*WHAT IS NEEDED:*
In the records below, repeat word for word only the lines starting at the one that contains "美國 Ball 梅森罐 天然竹杯蓋飲料杯組 (寬口) 送原廠馬口鐵環蓋" and ending at the one that contains "Glow Black Light", pictures excluded.

*EXTRACTED MATERIAL:*
--------
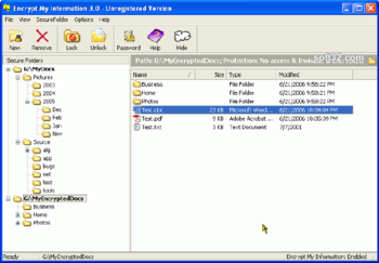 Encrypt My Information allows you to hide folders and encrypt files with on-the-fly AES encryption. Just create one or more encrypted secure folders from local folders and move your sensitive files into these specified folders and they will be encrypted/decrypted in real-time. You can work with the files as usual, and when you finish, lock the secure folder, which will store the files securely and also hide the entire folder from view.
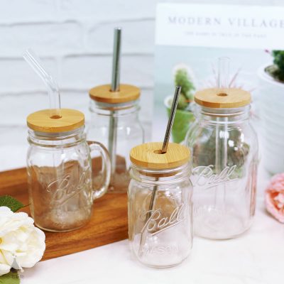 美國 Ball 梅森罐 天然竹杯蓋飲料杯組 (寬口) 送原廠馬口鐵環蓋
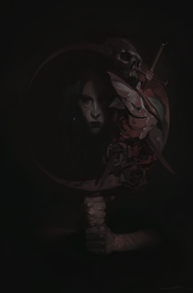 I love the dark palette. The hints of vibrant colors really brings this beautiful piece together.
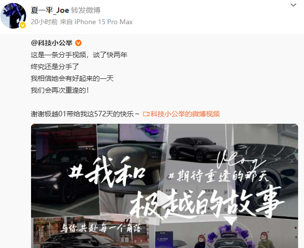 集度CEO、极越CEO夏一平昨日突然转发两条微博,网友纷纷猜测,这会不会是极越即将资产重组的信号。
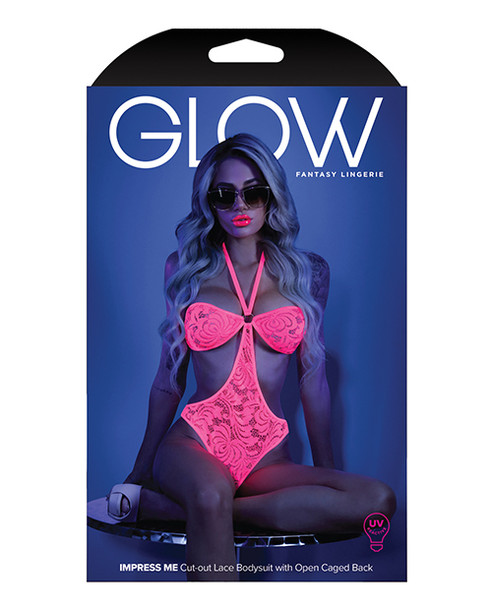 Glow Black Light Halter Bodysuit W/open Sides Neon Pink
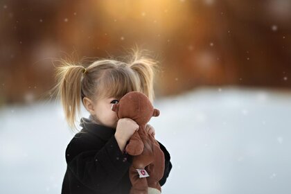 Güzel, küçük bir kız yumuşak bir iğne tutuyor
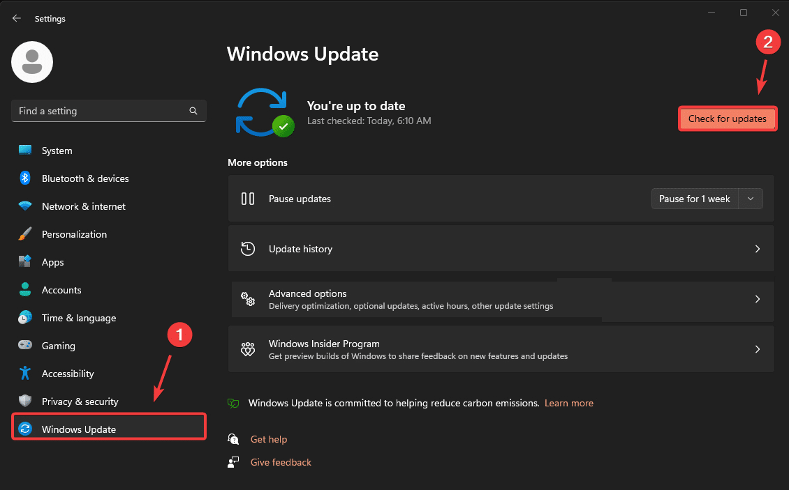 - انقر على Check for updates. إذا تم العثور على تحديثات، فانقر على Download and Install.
--------
*SOLUTION BELOW:*
 美國 Ball 梅森罐 天然竹杯蓋飲料杯組 (寬口) 送原廠馬口鐵環蓋
 I love the dark palette. The hints of vibrant colors really brings this beautiful piece together.
 集度CEO、极越CEO夏一平昨日突然转发两条微博,网友纷纷猜测,这会不会是极越即将资产重组的信号。
 Glow Black Light Halter Bodysuit W/open Sides Neon Pink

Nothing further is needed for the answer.